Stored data
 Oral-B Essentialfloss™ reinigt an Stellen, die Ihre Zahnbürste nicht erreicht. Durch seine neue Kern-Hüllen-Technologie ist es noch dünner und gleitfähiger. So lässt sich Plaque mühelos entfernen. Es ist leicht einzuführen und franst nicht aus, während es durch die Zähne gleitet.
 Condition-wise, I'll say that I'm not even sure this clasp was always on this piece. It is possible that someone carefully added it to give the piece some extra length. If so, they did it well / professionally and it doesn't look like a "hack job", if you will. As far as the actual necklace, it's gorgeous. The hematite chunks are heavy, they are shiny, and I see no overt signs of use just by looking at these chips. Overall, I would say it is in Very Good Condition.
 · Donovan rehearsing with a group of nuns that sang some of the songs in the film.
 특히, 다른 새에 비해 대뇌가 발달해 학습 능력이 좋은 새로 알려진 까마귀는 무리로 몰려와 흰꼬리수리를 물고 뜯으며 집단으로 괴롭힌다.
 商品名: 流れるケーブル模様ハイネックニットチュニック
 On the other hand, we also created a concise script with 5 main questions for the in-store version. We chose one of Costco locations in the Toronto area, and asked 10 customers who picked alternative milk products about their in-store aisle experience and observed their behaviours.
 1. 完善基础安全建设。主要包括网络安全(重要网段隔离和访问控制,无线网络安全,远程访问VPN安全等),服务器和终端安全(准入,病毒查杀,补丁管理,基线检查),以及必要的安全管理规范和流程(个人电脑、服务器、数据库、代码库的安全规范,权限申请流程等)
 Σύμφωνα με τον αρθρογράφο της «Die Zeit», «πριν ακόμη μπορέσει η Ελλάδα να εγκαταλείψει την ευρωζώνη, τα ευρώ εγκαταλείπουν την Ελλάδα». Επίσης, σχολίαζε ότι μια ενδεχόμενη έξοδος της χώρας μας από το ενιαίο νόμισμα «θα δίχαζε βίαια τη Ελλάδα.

Work item
Exactly repeat the lines above, from the opening line through the one with "Condition-wise, I'll say", and include nothing else.

Response to this exercise
 Oral-B Essentialfloss™ reinigt an Stellen, die Ihre Zahnbürste nicht erreicht. Durch seine neue Kern-Hüllen-Technologie ist es noch dünner und gleitfähiger. So lässt sich Plaque mühelos entfernen. Es ist leicht einzuführen und franst nicht aus, während es durch die Zähne gleitet.
 Condition-wise, I'll say that I'm not even sure this clasp was always on this piece. It is possible that someone carefully added it to give the piece some extra length. If so, they did it well / professionally and it doesn't look like a "hack job", if you will. As far as the actual necklace, it's gorgeous. The hematite chunks are heavy, they are shiny, and I see no overt signs of use just by looking at these chips. Overall, I would say it is in Very Good Condition.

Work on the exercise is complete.